All the men agreed to reduce their walking by sitting more often. In just two weeks, both groups of men experienced a worrisome increase in heart disease risk factors, including fat deposits in their abdomens and a whopping 60% rise in the amount of insulin circulating in their blood (a change linked to diabetes).
In other research, University of South Carolina public health researcher Steven Blair found that men who reported more than 23 hours a week of sedentary activity, i.e. mostly sitting, had a 64% greater risk of dying from heart disease than more active guys.
Could Working at Your Desk Make you Fat?
A study recently conducted at the Pennington Biomedical Research Center and published in the Public Library of Science (PLoS) journal found that less physical activity in the workplace over the past five decades has contributed to the obesity epidemic in the U.S.
The researchers looked at trends in occupational physical activities over the past fifty years. Then they compared these trends to changes in body weight in American men and women. The results revealed that back in the 1960s, more than half of jobs included moderate physical activity. However, most of today’s jobs involve far more sitting and require less than 20% of physical activity.

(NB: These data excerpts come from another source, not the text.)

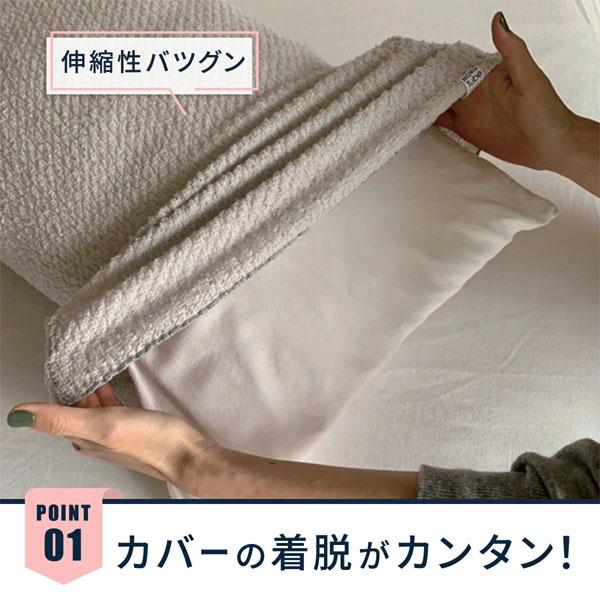チューブ状になっていて、お使いの枕やクッションにかぶせるだけで一瞬で取り付け&取り外しが可能です。
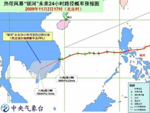 中新网11月2日电 中央气象台2日18时发布台风预报:今年第21号强热带风暴“银河”的中心已于2日16时前后在越南富安省(PhuYen)与庆和省(KhanhHoa)交界附近沿海登陆,登陆时中心附近最大风力有10级(25米/秒),中心最低气压为985百帕。登陆后,“银河”减弱为热带风暴,17时其中心位于越南庆和省境内,就是北纬12.8度、东经109.1度,中心附近最大风力有9级(23米/秒),中心最低气压为990百帕。
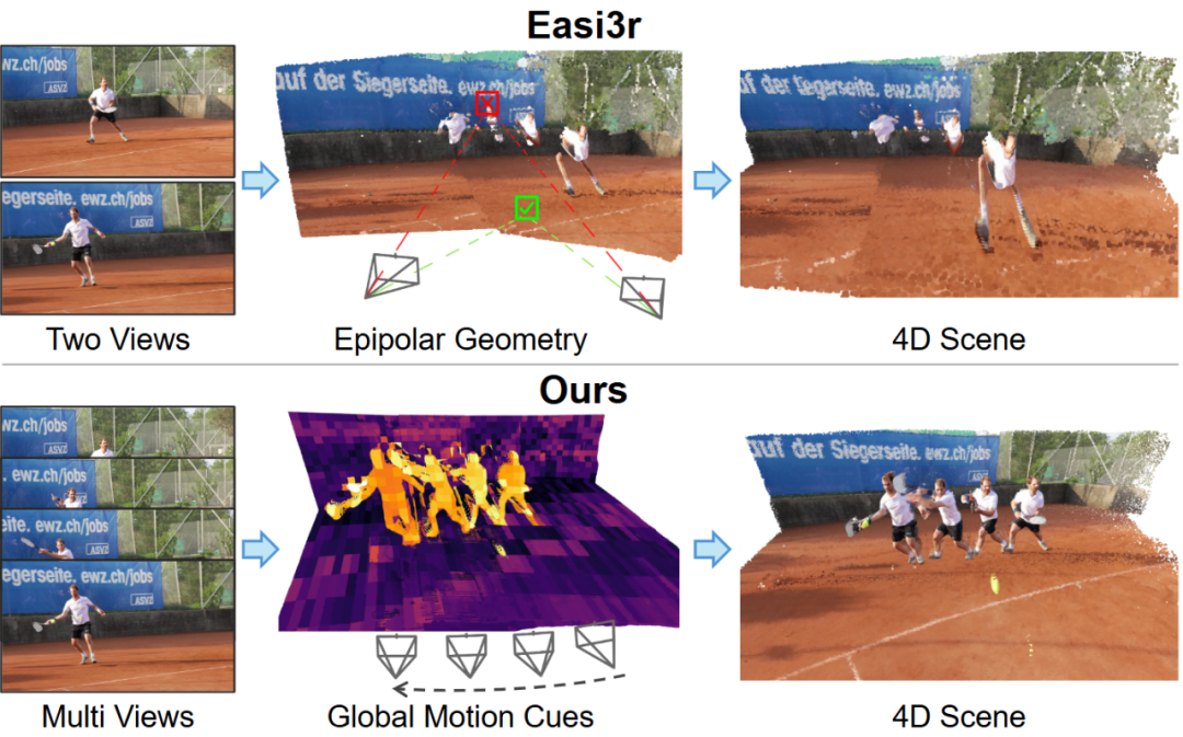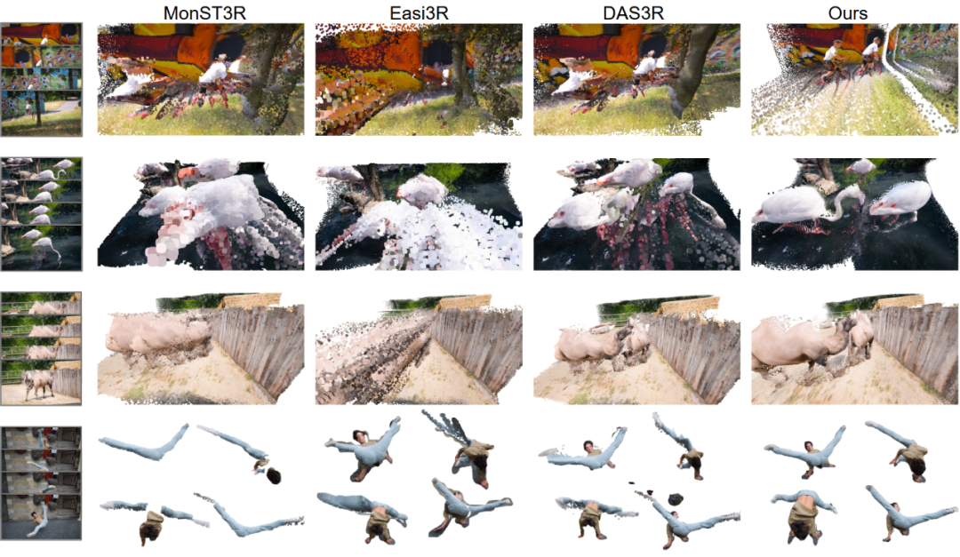近年来,以 VGGT、DUSt3R 为代表的 3D 基础模型在静态场景重建中表现出色。然而,面对包含移动物体(如行人、车辆)的动态 4D 场景时,这些模型的性能往往显著下降。动态物体的运动不仅干扰背景几何建模,还会导致严重的相机位姿漂移。

Bottom line: people burn up fewer calories at work in the 21 st century than they did in the past. And that has most likely contributed to an increase in weight for working men and women. “Our data provides further support to the importance of including both diet and physical activity in discussions related to be both the causes and potential solutions of the on-going obesity epidemic,” lead study Pennington Biomedical scientist Timothy Church, M.D., Ph.D., concluded.
How to Add Movement to Your Work Day
So if you get up and exercise before work or on your lunch hour, isn’t that enough? Unfortunately, although regular exercise is an important step toward good health, the experts say it may not be enough.

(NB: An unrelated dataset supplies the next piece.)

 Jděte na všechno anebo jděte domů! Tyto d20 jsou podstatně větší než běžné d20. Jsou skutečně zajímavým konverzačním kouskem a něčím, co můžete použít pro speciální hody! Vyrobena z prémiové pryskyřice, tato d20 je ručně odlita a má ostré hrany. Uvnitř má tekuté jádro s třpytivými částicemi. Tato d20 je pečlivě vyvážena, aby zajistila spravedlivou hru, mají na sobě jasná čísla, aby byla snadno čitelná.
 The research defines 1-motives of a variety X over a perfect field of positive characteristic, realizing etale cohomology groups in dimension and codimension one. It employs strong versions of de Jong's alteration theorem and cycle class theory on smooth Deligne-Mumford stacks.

“Exercise is not a perfect antidote for sitting,” Dr. Hamilton explains.
That doesn’t mean you can’t have an office job if you want optimal health. The good news is that inactivity from sitting too many hours can be countered. What you need to aim for is increased physical activity throughout the day.
The key? Get into the habit of working more movement into your daily routine. Even seemingly minor strategies can help.
Ways to Get Moving at Work
The America on the Move Foundation, a non-profit organization which promotes active living offers these tips for adding extra steps and physical movement to your workday:
- Take frequent breaks from uninterrupted sitting. Simply getting up and moving around every 15 minutes was valuable to health. Don’t sit when it isn’t necessary. Stand up and walk a few steps as you talk on the phone.
- Take the stairs instead of the elevator whenever possible.
- Encourage your co-workers to join you on walks during breaks.
- Add more steps to your day by heading for the restroom on the other side of the building.
- Encourage mobile meetings. Is there a reason why meetings always have to be held around a conference table? Talk to your colleagues about gathering your notes and heading outside to walk and talk in good weather.
Don’t be surprised if in the not-so-distant future more work environments are designed to help workers avoid too much sitting. For example, some offices already incorporate standing desks and even treadmills.